## Required action
Only the text of the entries below should be returned, exactly as given, without pictures.

Records contained in a dataset:
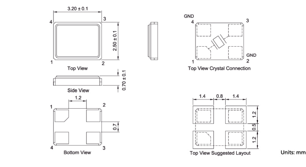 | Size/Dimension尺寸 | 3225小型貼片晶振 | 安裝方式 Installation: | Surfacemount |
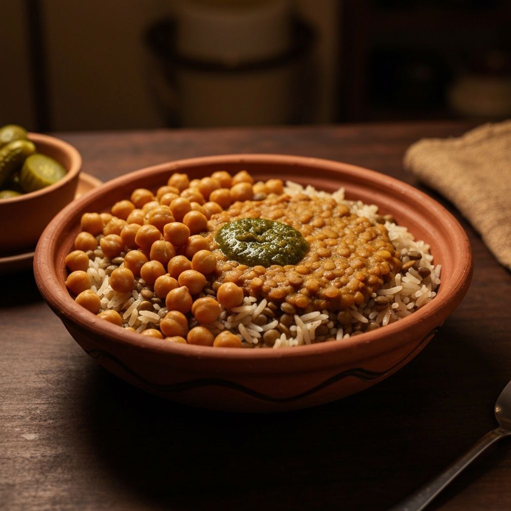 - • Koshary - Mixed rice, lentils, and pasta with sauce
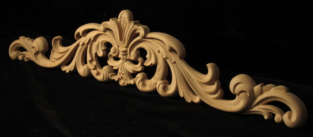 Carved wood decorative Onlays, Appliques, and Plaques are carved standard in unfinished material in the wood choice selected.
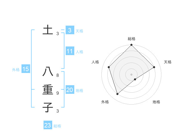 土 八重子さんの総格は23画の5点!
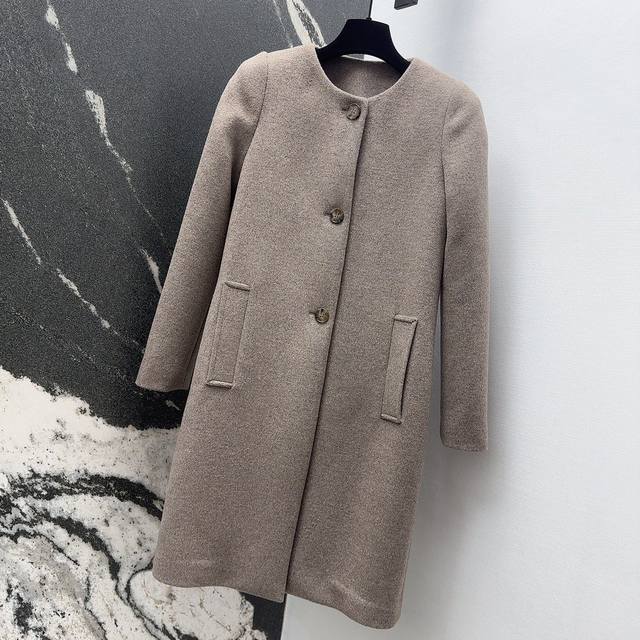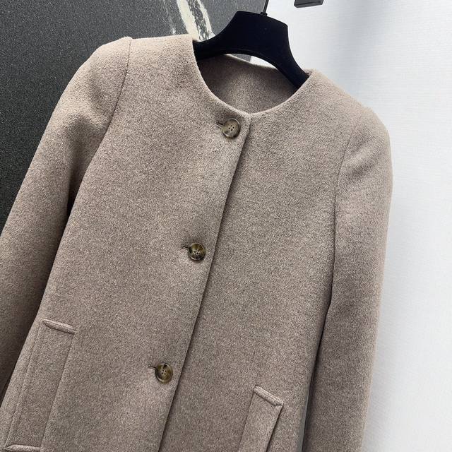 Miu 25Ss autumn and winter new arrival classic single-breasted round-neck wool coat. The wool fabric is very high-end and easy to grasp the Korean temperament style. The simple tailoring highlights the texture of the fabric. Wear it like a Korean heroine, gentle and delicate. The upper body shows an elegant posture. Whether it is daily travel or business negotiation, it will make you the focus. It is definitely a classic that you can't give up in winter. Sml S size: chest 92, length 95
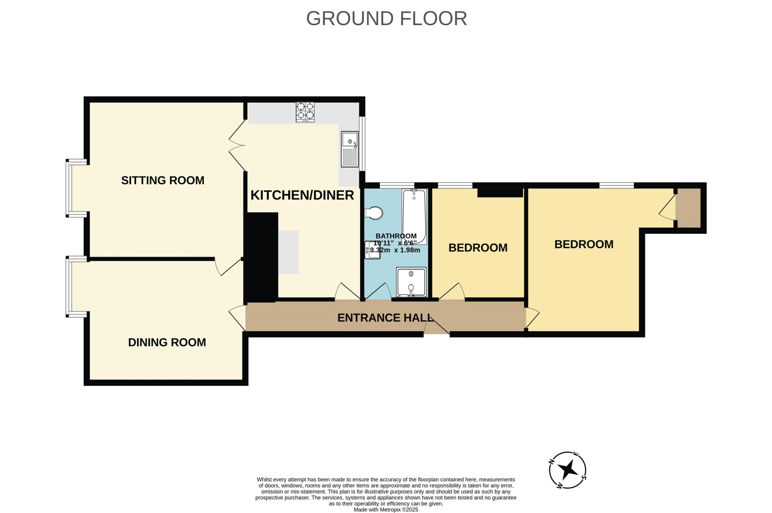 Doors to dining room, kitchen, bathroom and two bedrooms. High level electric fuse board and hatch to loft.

## Response area
 | Size/Dimension尺寸 | 3225小型貼片晶振 | 安裝方式 Installation: | Surfacemount |
 - • Koshary - Mixed rice, lentils, and pasta with sauce
 Carved wood decorative Onlays, Appliques, and Plaques are carved standard in unfinished material in the wood choice selected.
 土 八重子さんの総格は23画の5点!
 Miu 25Ss autumn and winter new arrival classic single-breasted round-neck wool coat. The wool fabric is very high-end and easy to grasp the Korean temperament style. The simple tailoring highlights the texture of the fabric. Wear it like a Korean heroine, gentle and delicate. The upper body shows an elegant posture. Whether it is daily travel or business negotiation, it will make you the focus. It is definitely a classic that you can't give up in winter. Sml S size: chest 92, length 95
 Doors to dining room, kitchen, bathroom and two bedrooms. High level electric fuse board and hatch to loft.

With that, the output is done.